VPN and not ipsec trafic in the same interface

andrey.v.tyurin · ‎08-19-2008

Hi all!

I have a problem! I use outside interface for the easyVPNserver in my PIX 535 (some user use cisco vpn client to connect on my PIX to use some security servers) :

crypto map xxx_map interface outside

isakmp enable outside

bat at the same time I want to pass the ip traffic through (not ip-sec) the same interface "outside". And I see in my syslog server the next:

PIX-6-110001: No route to 10.1.136.11 from 10.1.102.195

I have route table :

route outside 0.0.0.0 0.0.0.0 10.1.0.9 1 OTHER static

10.1.102.195 - It is the address the give me the PIX from it local pool:

ip local pool yyy 10.1.102.129-10.1.102.254

config vpngoup the next:

vpngroup xxxgroup adderss-pool yyy

vpngroup xxxgroup idle-time 1800

vpngroup xxxgroup password ********

Help! is it possible?

andrew.prince · ‎08-20-2008

Andrey,

I "Think" from your descripton you want to do the following on the below url:-

http://www.cisco.com/en/US/customer/products/ps6120/products_tech_note09186a0080734db7.shtml

http://www.cisco.com/en/US/customer/products/hw/vpndevc/ps2030/products_configuration_example09186a00805734ae.shtml

HTH>

andrey.v.tyurin · ‎08-20-2008

Andrew!

I'm sorry, but your links does no open. I see the next:

Forbidden File or Application

The file or application you are trying to access may require additional entitlement or you are trying to access a file with an invalid name.
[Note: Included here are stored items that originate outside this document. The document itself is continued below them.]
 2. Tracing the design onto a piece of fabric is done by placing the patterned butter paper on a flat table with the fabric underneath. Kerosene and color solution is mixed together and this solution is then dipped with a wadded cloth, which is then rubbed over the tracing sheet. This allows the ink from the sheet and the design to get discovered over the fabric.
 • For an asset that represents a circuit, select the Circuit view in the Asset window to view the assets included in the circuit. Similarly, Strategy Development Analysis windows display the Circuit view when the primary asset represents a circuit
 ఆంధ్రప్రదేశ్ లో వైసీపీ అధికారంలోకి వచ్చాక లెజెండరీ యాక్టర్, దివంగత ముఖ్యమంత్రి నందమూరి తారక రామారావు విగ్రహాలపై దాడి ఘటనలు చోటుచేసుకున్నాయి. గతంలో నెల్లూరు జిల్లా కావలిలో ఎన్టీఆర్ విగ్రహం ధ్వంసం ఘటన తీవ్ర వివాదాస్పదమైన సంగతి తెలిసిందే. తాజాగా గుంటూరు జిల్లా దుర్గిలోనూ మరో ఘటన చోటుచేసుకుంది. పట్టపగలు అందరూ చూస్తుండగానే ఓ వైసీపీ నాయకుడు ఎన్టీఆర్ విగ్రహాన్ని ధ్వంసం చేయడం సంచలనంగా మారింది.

Additional entitlement levels are granted based on a users relationship with Cisco on a per-application basis.

If you feel you have reached this page in error, please try one of the following methods to locate your document:

1. If you are manually entering the URL into your browser location bar, be sure to include the file name of the page you are trying to access (file names typically end in .htm, .html or .shtml).

2. Use the Search feature located in the upper right section of this page.
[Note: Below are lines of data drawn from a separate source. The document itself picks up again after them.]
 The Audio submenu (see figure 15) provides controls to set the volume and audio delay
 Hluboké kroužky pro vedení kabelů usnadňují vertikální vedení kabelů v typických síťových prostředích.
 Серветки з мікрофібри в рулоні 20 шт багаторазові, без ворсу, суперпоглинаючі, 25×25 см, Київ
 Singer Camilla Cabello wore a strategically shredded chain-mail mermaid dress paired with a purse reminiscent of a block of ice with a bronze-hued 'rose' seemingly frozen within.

3. Return to the Cisco.com Home or select a primary site area from the top navigation bar.

4. Consult with your Cisco Account Manager to confirm you have the appropriate entitlement to access this page.
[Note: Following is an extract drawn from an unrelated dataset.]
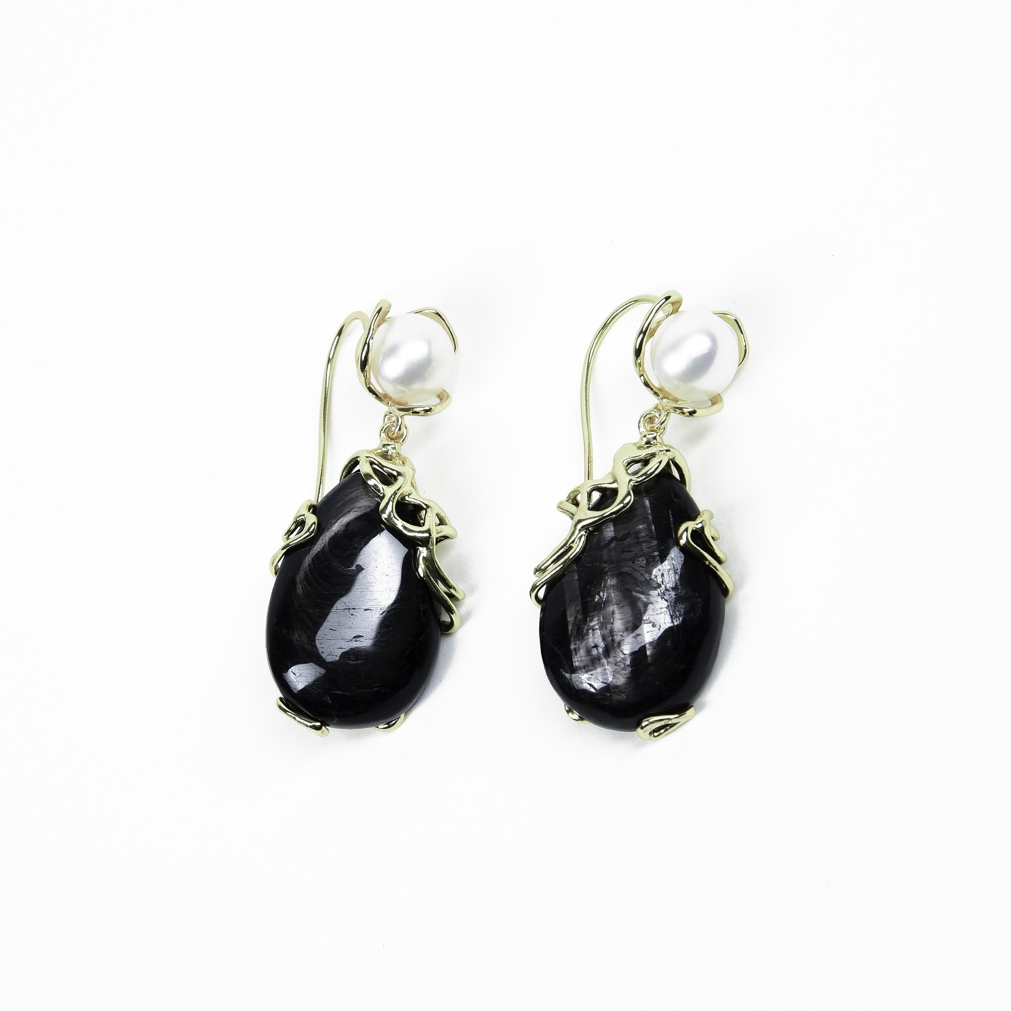 Orecchini a monachella di bronzo con perle di Maiorca e pendente cabochon ossidiana.

If you would like to contact someone about this problem, please click on the Contacts & Feedback link below.

andrew.prince · ‎08-20-2008

OK,

configure the below in the ASA and re-test:-

same-security-traffic permit intra-interface

HTH>

andrey.v.tyurin · ‎08-20-2008

HI!

I'm soo sorry that I don't tell You. Version of my PIX 6.3(5), and It does not have this command.

andrew.prince · ‎08-21-2008

if you want to take advantage of this feature - you need to upgrade your device to version 7.x or 8.x

HTH>

andrey.v.tyurin · ‎08-22-2008

Sorry but we can not change this version. We have certification for this version only.

You tell that it is possible for version 7. 8.

You don't know how do this in 6.3, am I right?

andrew.prince · ‎08-22-2008

The functionality is not available in the ver 6.x train.